About
This repository demonstrates how to host a remote MCP server on Cloud Run, enabling scalable, centralized access for AI tools and agents while enforcing authentication.
Capabilities

The MCP on Cloud Run project demonstrates how to host a remote Model Context Protocol (MCP) server in Google Cloud’s fully managed platform, Cloud Run. By moving the MCP server from a local process to a stateless container service, developers can eliminate the overhead of maintaining infrastructure while still benefiting from MCP’s powerful tool‑and‑resource orchestration for large language models. This approach is especially valuable for teams that rely on code assistants, agentic workflows, or any application that needs to attach prompts, external APIs, and dynamic data sources to an LLM without exposing those connections locally.
At its core, the MCP server exposes a set of HTTP endpoints that accept context—prompts, resources, and tools—and return enriched responses from an LLM. Cloud Run’s automatic scaling ensures that the server can handle sudden spikes in traffic, such as a burst of code‑review requests or an agentic routine that interacts with multiple APIs. Because the server is centrally hosted, all developers on a team can point their local MCP clients to the same endpoint; any updates or new tool integrations propagate instantly, eliminating version drift and simplifying collaboration.
Security is a primary concern for remote MCP deployments. Cloud Run’s integration with Identity‑Aware Proxy (IAP) or custom authentication headers allows the server to enforce authenticated requests, ensuring that only authorized clients can invoke LLM calls. Without this protection, the server would be publicly reachable and vulnerable to misuse or abuse of the underlying language model. The repository’s documentation highlights this risk and encourages developers to enable authentication before exposing the service.
Key capabilities showcased in this sample include:
- Transport flexibility: MCP’s and transports enable real‑time streaming of LLM responses over HTTP, making the remote server compatible with a wide range of client libraries.
- Tool chaining: Clients can register custom tools (e.g., database queries, API calls) that the LLM can invoke during generation, allowing for dynamic, data‑driven interactions.

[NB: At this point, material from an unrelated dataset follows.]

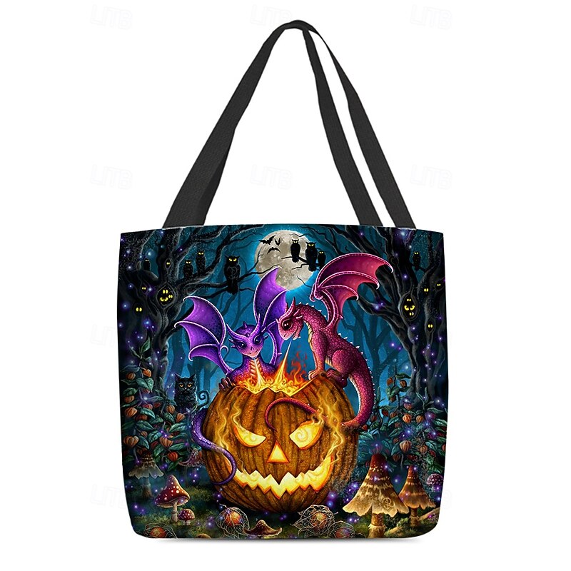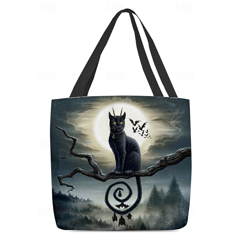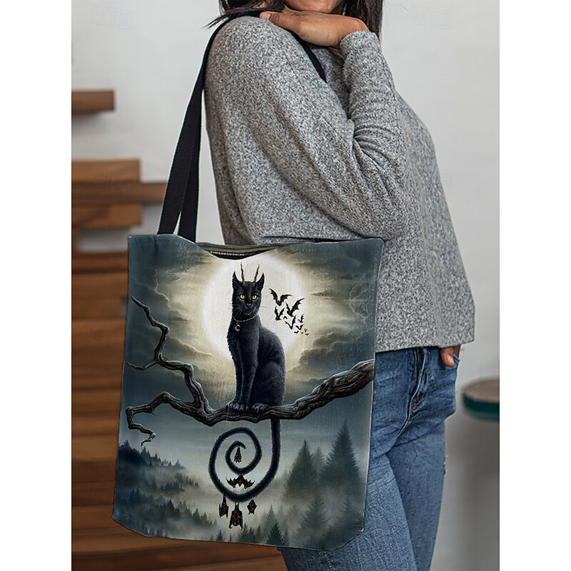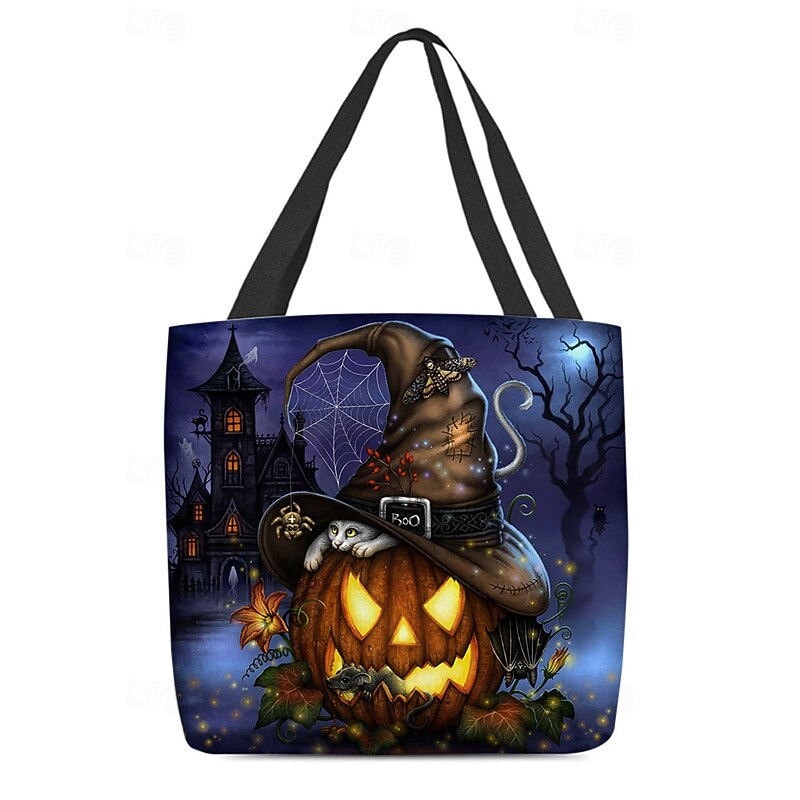 HOT ! Women's Halloween Pumpkin Cat Print Tote Bag By Sarah Richter– Large Reusable Polyester Shoulder Bag with Zipper Pocket for Holiday Shopping & Parties

- Resource management: Prompt templates and external knowledge bases can be stored on the server, ensuring consistent context for all requests.
Typical use cases involve integrating the MCP server into IDE extensions that provide on‑the‑fly code suggestions, building autonomous agents that orchestrate multiple APIs (such as GitHub, Jira, or cloud services), or deploying a shared LLM service for enterprise teams that need to enforce consistent policies and monitoring. By centralizing the MCP server on Cloud Run, organizations gain scalability, consistency, and security—all while keeping the developer experience seamless.